ASSIGNMENT -
Start at the line with "RolfClub 3D Ошейник" in the records below, stop at the line with "サンタンジェロ城です。イタリ", and return every line in that span exactly, the two end lines included.

DATA IN THIS EXERCISE -

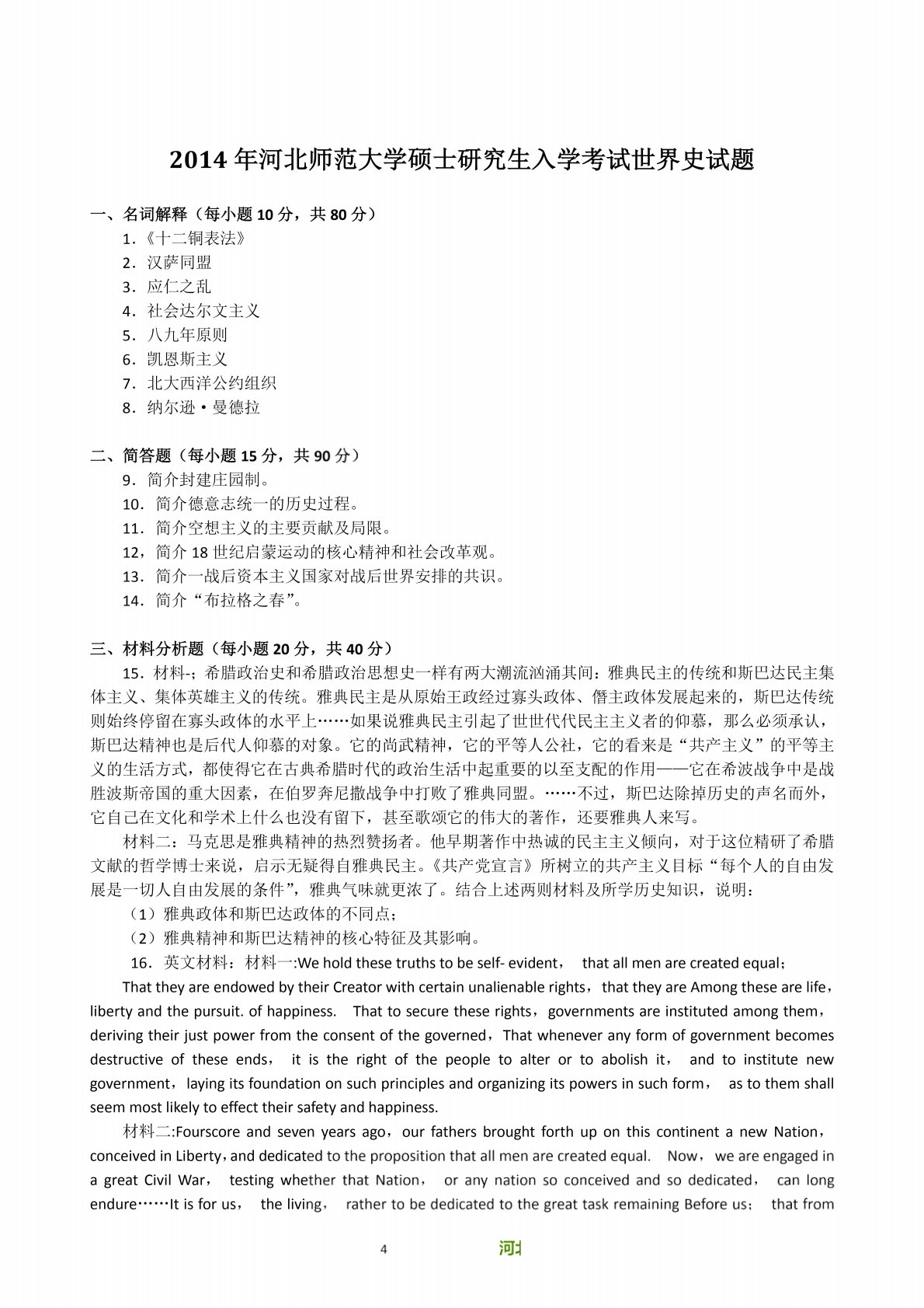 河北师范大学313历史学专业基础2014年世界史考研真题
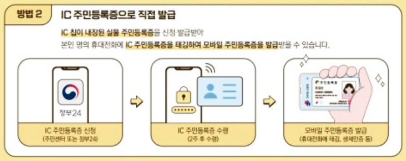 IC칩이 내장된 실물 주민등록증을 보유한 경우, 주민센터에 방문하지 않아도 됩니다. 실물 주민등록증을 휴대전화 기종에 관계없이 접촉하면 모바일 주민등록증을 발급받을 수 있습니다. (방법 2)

* * *

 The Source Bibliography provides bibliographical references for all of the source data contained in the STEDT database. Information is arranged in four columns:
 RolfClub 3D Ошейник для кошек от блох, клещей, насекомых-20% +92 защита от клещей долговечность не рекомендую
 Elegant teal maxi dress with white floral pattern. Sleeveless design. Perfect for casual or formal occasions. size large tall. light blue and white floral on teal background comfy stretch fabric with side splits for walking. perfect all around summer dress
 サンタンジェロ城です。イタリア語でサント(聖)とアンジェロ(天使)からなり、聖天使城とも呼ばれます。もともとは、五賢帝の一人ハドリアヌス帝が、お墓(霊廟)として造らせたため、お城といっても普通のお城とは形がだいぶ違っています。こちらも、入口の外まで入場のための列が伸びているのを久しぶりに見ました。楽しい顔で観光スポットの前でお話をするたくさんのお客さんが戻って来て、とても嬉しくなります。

RESULT FOR THIS EXERCISE -
 RolfClub 3D Ошейник для кошек от блох, клещей, насекомых-20% +92 защита от клещей долговечность не рекомендую
 Elegant teal maxi dress with white floral pattern. Sleeveless design. Perfect for casual or formal occasions. size large tall. light blue and white floral on teal background comfy stretch fabric with side splits for walking. perfect all around summer dress
 サンタンジェロ城です。イタリア語でサント(聖)とアンジェロ(天使)からなり、聖天使城とも呼ばれます。もともとは、五賢帝の一人ハドリアヌス帝が、お墓(霊廟)として造らせたため、お城といっても普通のお城とは形がだいぶ違っています。こちらも、入口の外まで入場のための列が伸びているのを久しぶりに見ました。楽しい顔で観光スポットの前でお話をするたくさんのお客さんが戻って来て、とても嬉しくなります。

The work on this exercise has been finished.